Devrimci Personel Sendikaları Konfederasyonu (DİSK) Genel Lideri Dr. Dilek Çerkezoğlu, 2023 minimum fiyatı için birincisi 7, ikincisi 14 Aralık’ta gerçekleştirilecek minimum fiyat kurul toplantısından evvel değerlendirmelerde bulundu. Çerkezoğlu, minimum fiyatı konuşurken artık sembolik değil ortalama fiyatı konuştuğumuzu belirtirken, pazartesi günü taban fiyatla ilgili sayı ve teklifleri paylaşacaklarını belirtti. Çerkezoğlu, “Asgari fiyat belirlenirken öncelikle enflasyon ve dolar kuru karşısındaki kaybının giderilmesi ve büyümeden ulusal gelir artışından hissesini alabilmesi ve en azından bir meskende iki kişi çalıştığı vakit bu konuta yoksulluk hududu kadar gelir girebilmesi sağlaması lazım. Yani ortalama fiyat haline gelmiş bir minimum fiyat çalışan yoksulluğunu önleyebilmelidir. O yüzden yoksulluk sonu sayıları önemli” dedi. Pazartesi günü taban fiyatla ilgili sayı ve teklifleri paylaşacaklarını söyleyen Çerkezoğlu, “Asgari fiyat mavi değil beyaz yakalıların da başlangıç fiyatı oldu. İşgücü ödemeleri işletmelerin toplam maliyetinin küçük kısmını oluşturuyor” halinde konuşarak şunları ekledi:
“Adaletli bir vergi sisteminin hayata geçirilmesi kıymetli vergi dilimleri o kadar düşük belirleniyor ki çabucak üst vergi dilimine geçiyoruz elimize geçen net fiyat yıl içerisinde azalarak gidiyor. Bu ülkede 2008 yılından beri patronlara 5 puan SGK puan takviye veriliyor. Neden emekçiler için de bu dayanak verilmesin, gelirlerin paylaşımında adaleti sağlamak lakin toplumsal siyasetlerle olabilir. Minimum fiyat oranında bütün fiyatların artırılabilmesi lazım.”
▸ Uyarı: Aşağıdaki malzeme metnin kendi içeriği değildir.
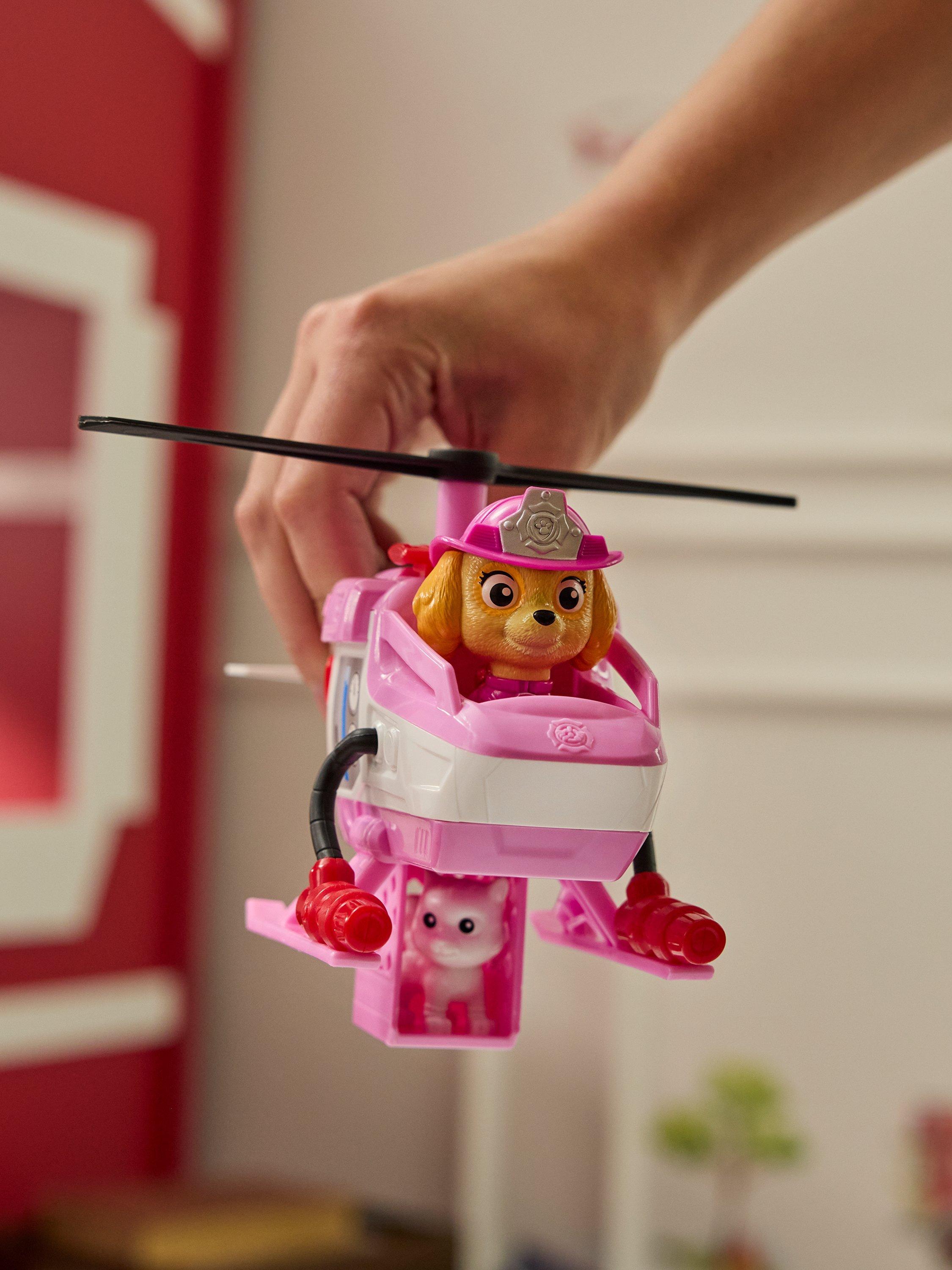 Join Skye in the thrilling world of PAW Patrol with the Skye Rescue Fire Chopper. This helicopter toy is over 7 inches (18cm) long and 4 inches (10cm) tall, making it the PAWfect size for dynamic pretend play. Skye stands over two inches (5cm) tall in her fire rescue gear, ready to embark on heroic missions.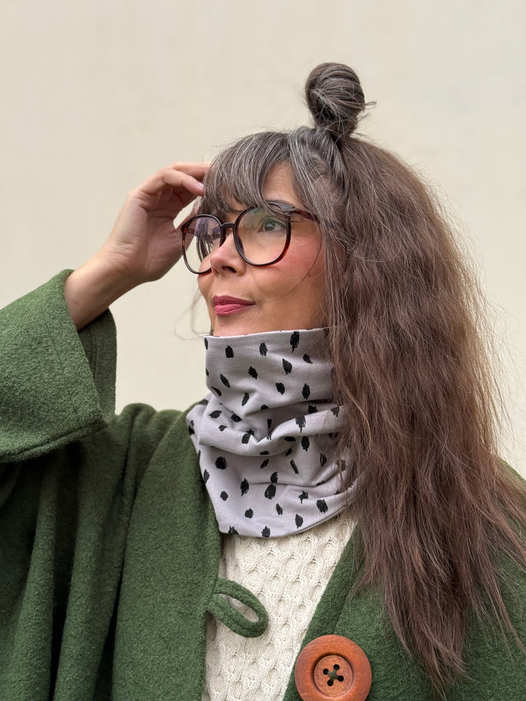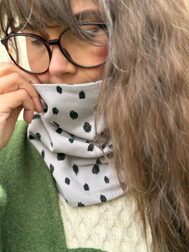 Dessa tubsjalar är helt och hållet sytt av tyg som annars skulle gått till spillo. Just denna är grå med svarta fläckar.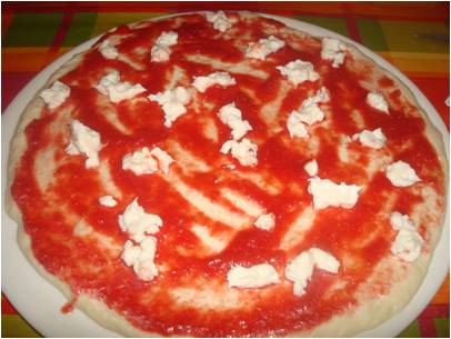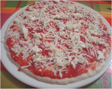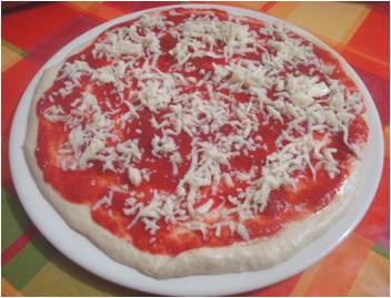 ..la mozzarella grattugiata su ambedue le pizze..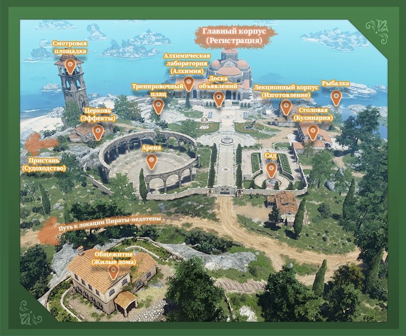 Для того чтобы вы с легкостью ориентировались в Академии Оливии, ниже представлена карта с названием корпусов Академии Оливии.

‘Ücretler ulusal gelirden de hissesini almalı’
Çerkezoğlu, “Asgari fiyatın yalnızca enflasyon üzerinden belirlenmesi de hakikat değil. Açıklanan enflasyonun gerçek olmadığı artık tartışılmaz bir gerçek oldu. TÜİK’in açıkladığı besin enflasyonu bile yüzde 99,9 aslında. Fiyatlar ulusal gelirlerden de hissesini almalı” diye ekledi.